Machine Learning Driven Predictive Thermal Management of Liquid Cooled EV Battery Packs under Dynamic Drive Cycles
DOI:
https://doi.org/10.7492/sf14gn16Abstract
Electric vehicle (EV) battery packs undergo high rates of temperature increase due to aggressive dynamic drive cycles like the US06, WLTP and FTP-75 battery pack, which cause thermal non-uniformity, enhanced degradation and lower safety margins.

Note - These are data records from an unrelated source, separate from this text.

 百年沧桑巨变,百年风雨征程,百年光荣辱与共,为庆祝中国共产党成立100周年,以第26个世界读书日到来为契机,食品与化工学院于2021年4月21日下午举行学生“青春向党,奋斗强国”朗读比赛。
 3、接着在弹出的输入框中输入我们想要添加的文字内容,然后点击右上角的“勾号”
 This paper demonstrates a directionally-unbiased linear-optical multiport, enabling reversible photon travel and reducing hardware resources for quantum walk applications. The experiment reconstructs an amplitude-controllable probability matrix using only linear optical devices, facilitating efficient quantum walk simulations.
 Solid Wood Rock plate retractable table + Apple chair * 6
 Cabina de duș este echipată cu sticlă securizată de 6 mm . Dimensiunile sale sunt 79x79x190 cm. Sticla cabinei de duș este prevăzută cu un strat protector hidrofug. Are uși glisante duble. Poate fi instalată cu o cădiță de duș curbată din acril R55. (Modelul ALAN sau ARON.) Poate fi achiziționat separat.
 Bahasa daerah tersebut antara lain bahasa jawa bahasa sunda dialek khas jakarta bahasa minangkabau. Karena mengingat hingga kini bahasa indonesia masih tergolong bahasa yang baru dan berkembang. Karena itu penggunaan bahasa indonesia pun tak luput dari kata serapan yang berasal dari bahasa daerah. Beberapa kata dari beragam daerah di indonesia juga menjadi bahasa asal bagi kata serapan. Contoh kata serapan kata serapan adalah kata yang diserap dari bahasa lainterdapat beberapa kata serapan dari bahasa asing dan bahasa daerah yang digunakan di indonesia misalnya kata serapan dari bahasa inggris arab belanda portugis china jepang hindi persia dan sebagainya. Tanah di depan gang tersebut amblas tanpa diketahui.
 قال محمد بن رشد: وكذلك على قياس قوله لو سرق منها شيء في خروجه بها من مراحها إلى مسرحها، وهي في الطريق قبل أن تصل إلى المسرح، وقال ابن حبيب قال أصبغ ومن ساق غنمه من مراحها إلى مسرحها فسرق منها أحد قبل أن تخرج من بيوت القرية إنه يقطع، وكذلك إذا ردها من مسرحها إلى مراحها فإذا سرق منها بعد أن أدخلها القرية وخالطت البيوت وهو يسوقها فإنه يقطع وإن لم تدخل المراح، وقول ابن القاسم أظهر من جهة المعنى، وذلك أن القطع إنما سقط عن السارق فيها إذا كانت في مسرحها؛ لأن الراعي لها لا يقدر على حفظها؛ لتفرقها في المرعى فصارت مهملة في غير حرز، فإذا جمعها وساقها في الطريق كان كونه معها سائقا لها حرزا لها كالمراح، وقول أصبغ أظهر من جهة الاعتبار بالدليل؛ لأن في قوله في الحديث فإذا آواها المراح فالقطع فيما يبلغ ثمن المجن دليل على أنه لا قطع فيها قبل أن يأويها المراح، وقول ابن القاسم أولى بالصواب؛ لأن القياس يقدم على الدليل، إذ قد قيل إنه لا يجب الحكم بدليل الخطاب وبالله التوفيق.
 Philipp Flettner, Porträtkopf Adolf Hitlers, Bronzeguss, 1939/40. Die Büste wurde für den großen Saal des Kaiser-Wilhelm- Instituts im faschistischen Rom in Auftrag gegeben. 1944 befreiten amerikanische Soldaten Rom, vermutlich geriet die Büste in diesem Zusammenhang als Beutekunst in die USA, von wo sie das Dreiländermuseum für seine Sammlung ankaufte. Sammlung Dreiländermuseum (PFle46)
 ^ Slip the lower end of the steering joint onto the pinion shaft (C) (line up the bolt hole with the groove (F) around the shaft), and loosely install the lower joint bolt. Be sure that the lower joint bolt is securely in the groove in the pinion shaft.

Traditional thermal management techniques that mainly include PI and FLC-based liquid-cooling controllers have a negative temperament of slow transient response, high overshoot, and inefficient pump operation, leading to the additional auxiliary power consumption of approximately 6-12%. In order to overcome these shortcomings, this paper suggests the ML-Optimized Liquid-Cooling Thermal Management Strategy, which incorporates the use of the Random Forest Regression, Support Vector Regression (SVR), and the lightweight Artificial Neural Network (ANN) to generate heat in real-time and to control the coolant flow. Using the predictive machine-learning module, the key operating variables including current, SOC, ambient temperature, and drive-cycle dynamics are used to predict cell temperature increase and consequently, coolant mass-flow rate is adjusted. The outcomes of simulation show that there is a great improvement in comparison with the traditional approaches. The ML-based controller minimizes the maximum cell temperature by 4.2°C, temperature gradient across the module by 38 and the pump power consumption by 11.5%. The prediction model has a high level of accuracy, with MAE = 0.28°C and RMSE = 0.41°C, allowing responsive and energy efficient cooling. The suggested plan improves thermal homogeneity, increases battery pack duration, and offers a scalable architecture of the next-generation EV thermal managing systems.